How to lose weight in thighs at home for a teenager in a week of exercises


The essence and basic principles of the thigh weight loss program

Women's hips are, first and foremost, a survival tool. Subcutaneous fat reserves are needed in order to bear and give birth to healthy children. Nature has taken care of quick replenishment of reserves, so losing weight in the hips is not easy.

To achieve what you want, you need not only to create an exercise plan, but also to take care of a healthy diet, daily routine, wellness treatments and even breathing techniques. If you focus on one thing, there will be no result.

Losing weight in your thighs based solely on diet will take an unreasonably long time. The process can be accelerated by adding regular exercise to a healthy diet. In addition, consuming small amounts of food will lead to poor health, depression and menstrual irregularities.
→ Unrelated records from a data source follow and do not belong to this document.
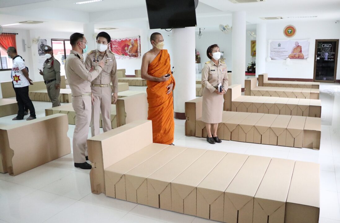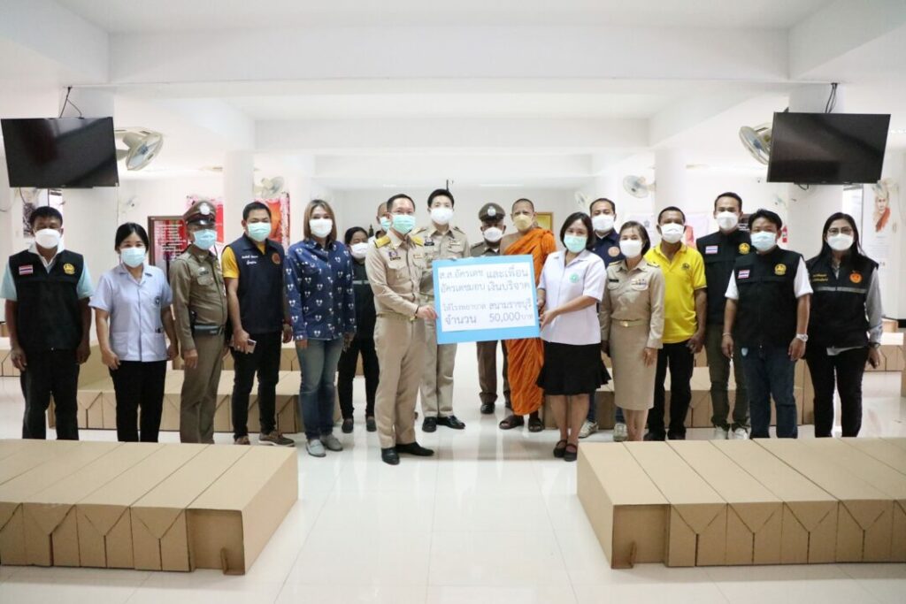 นายอัครเดช วงษ์พิทักษ์โรจน์ ส.ส.ราชบุรี และกลุ่มเพื่อน ได้รวมกันบริจาคเงิน 50,000 บาท สมทบทุนให้รพ.บ้านโป่ง ใช้ในการบริหารจัดการโรงพยาบาลสนาม นอกจากนั้น บริษัทเอสซีจีพี โรงงานบ้านโป่ง ยังได้สนับสนุนเตียงกระดาษ จำนวน 72 เตียง พร้อมมีรถเอกซเรย์เคลื่อนที่โรงพยาบาลบ้านโป่ง มาจอดเพื่อวางระบบ ซึ่งโรงพยาบาลสนามแห่งนี้ถือเป็น “โรงพยาบาลสนามแห่งแรกของประเทศไทย” ที่ทางคณะสงฆ์ได้จัดทำหลักสูตรปฏิบัติธรรม ฝึกสมาธิให้กับผู้ป่วยที่เข้ามากักตัว เพื่อลดความเครียด มีพุทธศาสนา เป็นที่ยึดเหนี่ยวจิตใจ
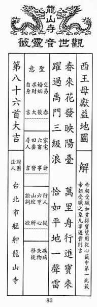 印行流通序 釋印光撰 觀世音菩薩,愍念眾生之心,不可以言語形容。雖天地父母,未足以喻其少分。善根未種、未熟、未脫者,令其即種、即熟、即脫;應以何身得度者,即現何身而為說法。喻如日麗堯天,萬象咸蒙照燭;春回禹甸,百卉悉荷生成。有感即通,無謀而應。良以菩薩無心,以眾生之心為心,故得遍法界感、遍法界應,悉副彼念,了無差殊也。 ﹝觀音感應課﹞者,俯順世情,令卜休咎,以期同種善根之妙方便也。凡占者,皆須稱菩薩名。如小兒有病,不肯服藥;塗藥於乳,則不服而服矣。菩薩名號如還魂香,若得見聞,宿業自消、宿善自生;以漸至于上追觀音之志事,究竟自利、利他於無既也。 茲因徐積餘居士與其夫人,得前明古本,石印千卷以結淨緣,略敘菩薩行慈之意云。 印光大師法語 觀世音菩薩,愍念眾生,尋聲救苦。凡作善事,懇求菩薩,必垂加被,令其得成。若作惡事,亦垂加被,令決不成。以成則造罪墮苦,其苦難救矣。此菩薩之真慈大悲也。 欲決疑者,若原供有菩薩像,則於像前焚香禮拜;若無,則即向此課本焚香禮拜。取五淨錢,將香煙上熏過,心中默禱所問之事,按下列之偈,並念菩薩若干聲。將錢在手中搖幾搖,令其次序散亂,然後擲於桌上;按次是幾字幾幕,照課本查是何卦,即得其所示之兆云。” 【編者按】:五淨錢者,即取五枚銅幣,各於其ㄧ面,分別寫上「金、木、水、火、土」,平時宜收妥,專作占課之用。 占卜法須知 昔日唐三藏詣西天取經,值觀世音菩薩曰:汝往西天求教,道途凶惡,緣汝能辨。吾助汝三十二感應靈通之卦,日傳ㄧ課,便見當日前途吉凶,禍福無不應者。 欲叩,焚香祝禱,用淨錢五文,於香煙上度過,手內擎搖。禱祝偈曰: 紫金化身千百億 白衣妙相三十二 稽首圓通自在尊 沙界咸稱大悲主 南無大慈大悲靈感觀世音菩薩摩訶薩 志心念七遍,或三七遍,或一百八遍。叩而念,願賜證明。今虔祈禱;弟子某某,所求某事,未絕憂疑;卽於三十二課內,欲占一課。勿順人情,願垂感應﹗ 流通製版緣起 昔明宮后,每齋沐焚香,捧誦 《觀世音菩薩靈課》,時為社稷卜歲豐、祈太平,屢屢感應;遂命付梓,印施百卷,以便臣民決疑,令預趨吉避凶。明明法寶,慈澤後人。意願宮闈清古,海宇昇平;雨露均調,仁風休作。願我 菩薩靈課,啟發愚蒙,格佑為善。苟瀆慢而不敬者,占之反至尤焉。時萬曆壬辰正月十五日,刻於大乘禪寺,計板二十二塊,請京都衍法寺流行天下。 民國二十年間,徐積餘居士得前明古本,印施千卷。三十五年七月,比丘尼隆志,得徐本相示,為其手錄并改良圖畫,獻之蘇州靈巖山寺妙真方丈,請求製版流通,兼作靈岩山觀音洞籤書之用。爰作讚偈曰: 靈巖觀音洞 妙相親身化 圖成垂觀瞻 白毫悲心挂 諸惡不可作 眾善時加護 心念不空過 能滅諸有苦 (無錫弟子王德超敬撰) 圖例
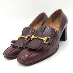 【ヴィンテージ】セリーヌ パンプス ローファー フリンジ ビット ボルドー 23.5cm 金具 革
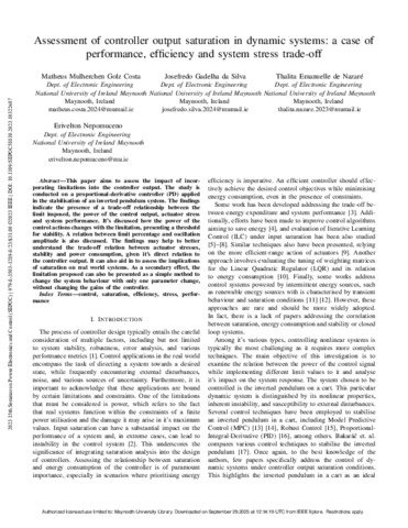 Costa, Matheus Mulherchen Golz, Da Silva, Josefredo Gadelha, De Nazaré, Thalita Emanuelle and Nepomuceno, Erivelton (2023) Assessment of controller output saturation in dynamic systems: a case of performance, efficiency and system stress trade-off. 2023 15th Seminar on Power Electronics and Control (SEPOC). pp. 1-6.
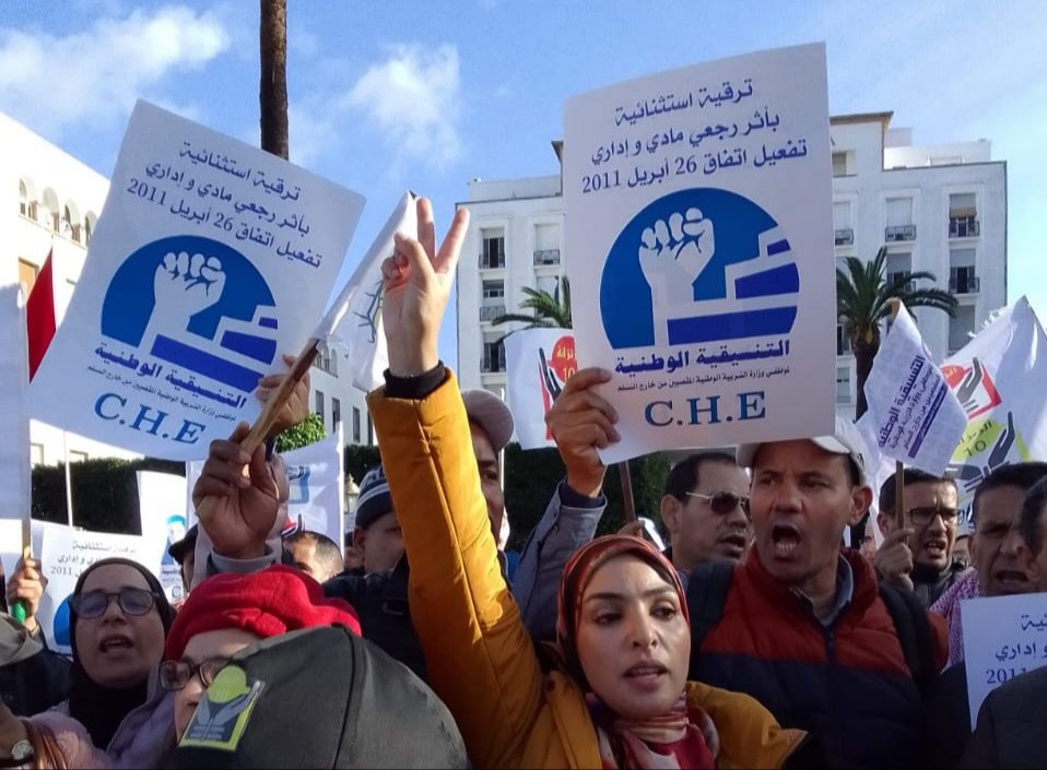 وأكد التنسيق، في بيان له، أن فئة واسعة من نساء ورجال التعليم، من أساتذة الابتدائي والإعدادي والملحقين التربويين وملحقي الاقتصاد والإدارة، ما تزال محرومة من حقها في الترقية إلى خارج السلم بأثريه المالي والإداري، رغم استناد هذا المطلب إلى اتفاق 26 أبريل 2011 الذي تم تفعيله في قطاعات أخرى كالصحة والعدل والمالية دون قطاع التعليم، معتبرا ذلك خرقا لمبدأ العدالة الاجتماعية وتكريسا للتمييز بين الموظفين.

First of all, you need to establish your diet and daily routine. Problems with excess weight arise due to stress, insomnia, a sedentary lifestyle, lack of water and long breaks between meals. You need to make it a rule to have dinner no later than 20 o'clock and eat small portions 5-6 times a day. Small meals speed up metabolism and help break down fat on the hips.

If you don’t have time to go to the gym or exercise at home, you can walk to work, ride a bike, or take the stairs to your apartment. The last type of activity will be especially effective. Also, we must not forget about maintaining water balance. An adult should drink 1.5 liters of clean water per day. We are talking about water, not juices, carbonated drinks and alcohol.

How to lose weight in thighs quickly and effectively - this is possible by changing your food basket. A number of generally accepted products, when used correctly, help eliminate excess weight and remove fatty tissue products and toxins from the body.

Thus, green tea and rosehip decoction speed up metabolism, so it will be useful to add them to the main menu. Fresh fruits and vegetables normalize fat metabolism. But even they need to be consumed correctly: fruits as a snack, vegetables before meals. This way they are better absorbed. Products with diuretic and laxative effects will help cleanse the body.

These are mainly fruits:

  • plums;
  • melons;
  • watermelons;
  • apricots.

Watermelon with black bread is especially useful. This unusual combination will speed up the weight loss process.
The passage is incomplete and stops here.